_Task item_.
Transcribe the stretch of entries below from the line with "제9회 AI Edutech 세미나 <인공지능을 활용한 슬기로운 연구생활> 안내" through the line with "Johnson blocks a", exactly and with both ends included; leave out all other lines.

_Dataset entries_.
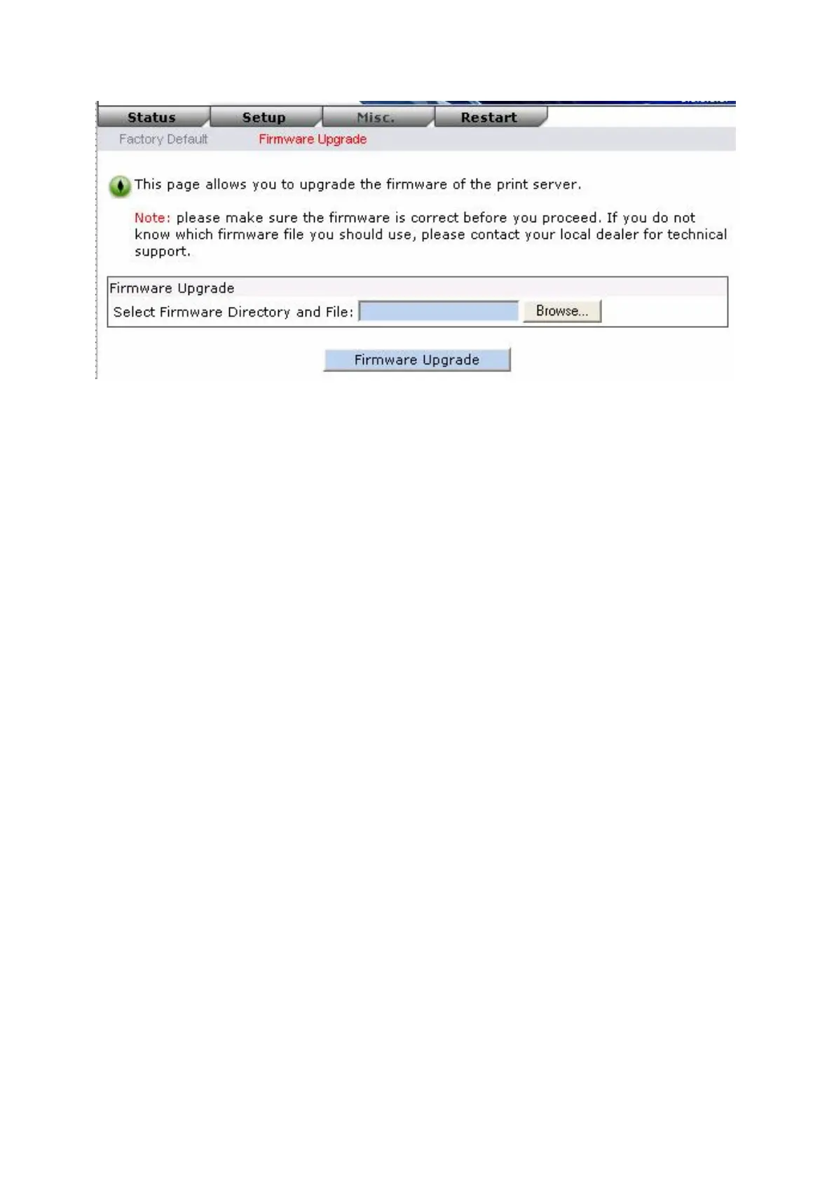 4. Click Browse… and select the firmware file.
--
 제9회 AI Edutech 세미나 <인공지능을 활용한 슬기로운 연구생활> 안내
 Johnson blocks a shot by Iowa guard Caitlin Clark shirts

_Written solution_.
 제9회 AI Edutech 세미나 <인공지능을 활용한 슬기로운 연구생활> 안내
 Johnson blocks a shot by Iowa guard Caitlin Clark shirts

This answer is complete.